Saying the Quiet Part Out Loud: Dana White on Kayla Harrison’s ‘obscene’ PFL pay

Kayla Harrison

Two-time Olympic gold medalist Kayla Harrison is going to fight for another one of those giant PFL checks on Wednesday night, which means it’s time again for reporters to ask UFC President Dana White if he’s ready to get serious about signing her.

The answer? Eh, not really. Not if she actually expects to be paid that kind of money on the regular. Here’s White talking to the Canadian homie Aaron Bronsteter.

“They pay her an obscene amount of money to fight over there. If I was her, I’d stay right where she is and keep picking off the people over (there). When you come here? You know, Amanda Nunes is no joke. (Valentina) Shevchenko is no joke. Rose Namajunas is no … these are all the best women in the world. These are the best female fighters in the world. I don’t blame her. I would stay there and keep fighting the type of women she’s fighting there before I would come here and fight an Amanda Nunes, that’s for damn sure.”
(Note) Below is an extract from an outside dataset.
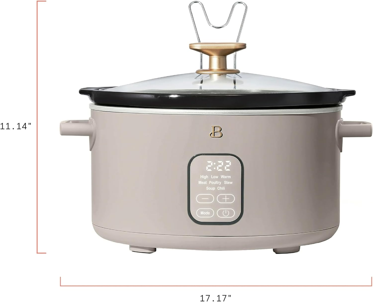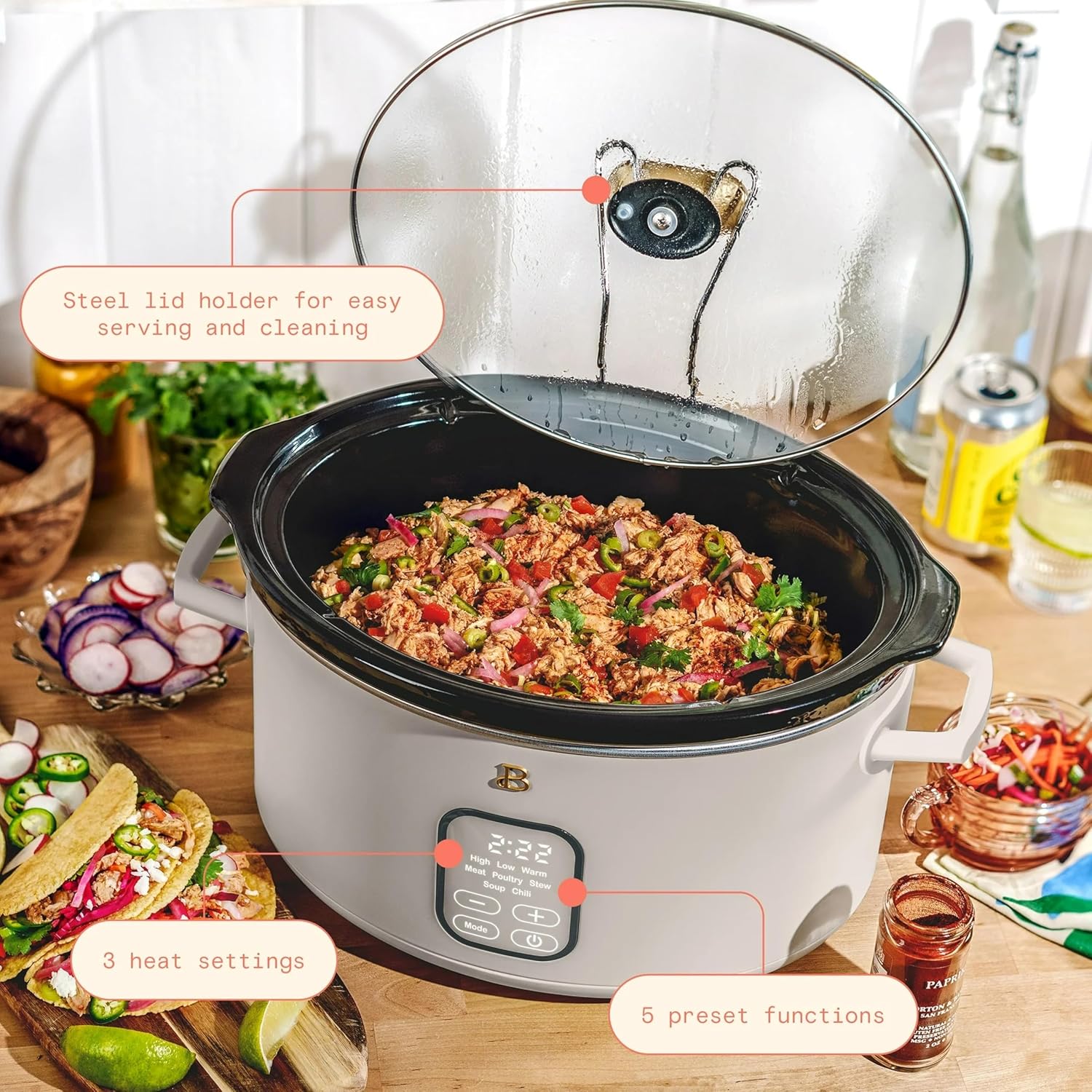 Beautiful 6 Qt Programmable Slow Cooker by Drew Barrymore - 5 Preset Cooking Functions, Digital Countdown Timer, Dishwasher-Safe Parts, and Cool-Touch Handles (Porcini Taupe.)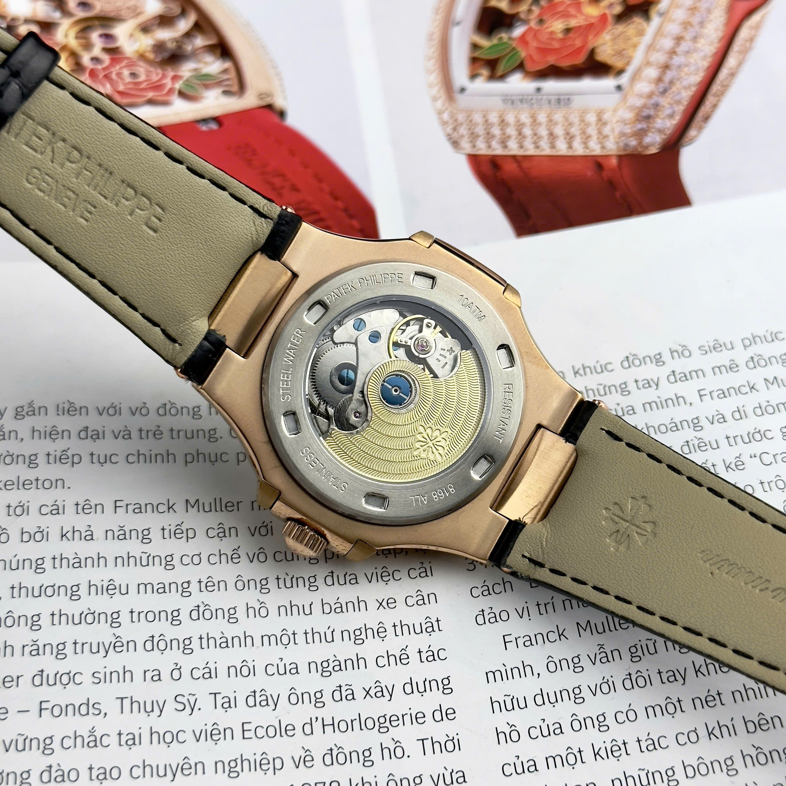 Đặt mua Đồng hồ Patek Philipe Nautilus 5726 KingGold dây da viền đá baguette Fake 11 40mm

So that’s helpful career advice for Harrison. Might give you something to chew on if you’re one of those women fighting in the UFC, however, especially when you consider the ramifications of that whole “obscene amount of money” comment.

When Harrison signed a new deal with PFL in the fall of 2019, she said it would likely make her one of the highest-paid female fighters in the sport. Her disclosed payout for her win at PFL 7 that October was $125,000 – and $100,000 of that was in base pay. Of course, that was two years ago and she also gets to fight for the million-dollar grand prize at the end of the season, which at this point feels like money in her pocket seeing as how she is much, much better at fighting than everyone she faces in PFL.

That’s good money, sure, but is it really so crazy? She’s a goddamn Olympic gold medalist who gets in a cage and fights people three or four times a year. She’s basically the main attraction for PFL these days, and even if you take the grand prize as a given for her, she’s still probably making mid-range NFL kicker money after you take her training camp expenses and management fees into account.

So if you’re a female champion in the UFC and you just heard your boss refer to that kind of money as “obscene,” what has he just told you about the limitations on your own earning power within his company?

Here’s where we could also point out that the UFC itself is obscenely profitable. And White? He’s gotten obscenely wealthy over the years. (Just saying, it ain’t Harrison who’s buying her neighbors’ houses so she can knock them down. Shit, she might not even have a weapons room in her house. Fucking pauper by comparison.)

But forget all that for a minute. Just picture yourself as a female fighter in the UFC. Maybe you’re already champ. Maybe you’re trying hard to get there and hoping for a $50,000 bonus on your next fight to keep you from falling into debt. Then you see the boss out there rolling his eyes at the idea of another female fighter – an undefeated one with two gold medals on her shelf at home – making actual pro athlete money. Not Lebron James money, mind you. Not Aaron Rodgers money. Just, like, pretty good left fielder money. And in MMA! How obscene!

So say you’re a UFC fighter. How are you not supposed to hear that and not spend the rest of the day staring blankly out the window and thinking about your life?

And then there’s the other part, all this stuff about quality of competition. White’s not lying when he says Nunes and Shevchenko and Namajunas are great fighters. But he’s also offering all this up as a sort of public negotiating strategy. The unstated premise is, ‘of course she’d rather make more money fighting easier opponents, because she’s not BAD ASS enough to come take a pay cut in exchange for harder fights.’

Don’t kid yourself, that is really the argument he’s making here. Instead of trying to offer Harrison more money than she’s making in the PFL, he’s trying to make the case that she’s overpaid already and doesn’t have what it takes to fight cheap.

Does that seem likely to bring Harrison running to the UFC? It does not. But White has the luxury of not having to give a shit, since the current UFC business model is based on churning out hours of content and doing it as cheaply as possible. And. It’s. Fucking. Working.

Just don’t think too hard about it if you’re one of those women he name-checked as a contrast to Harrison. If you do, you might realize what he’s really saying here. And then you’ll just get sad.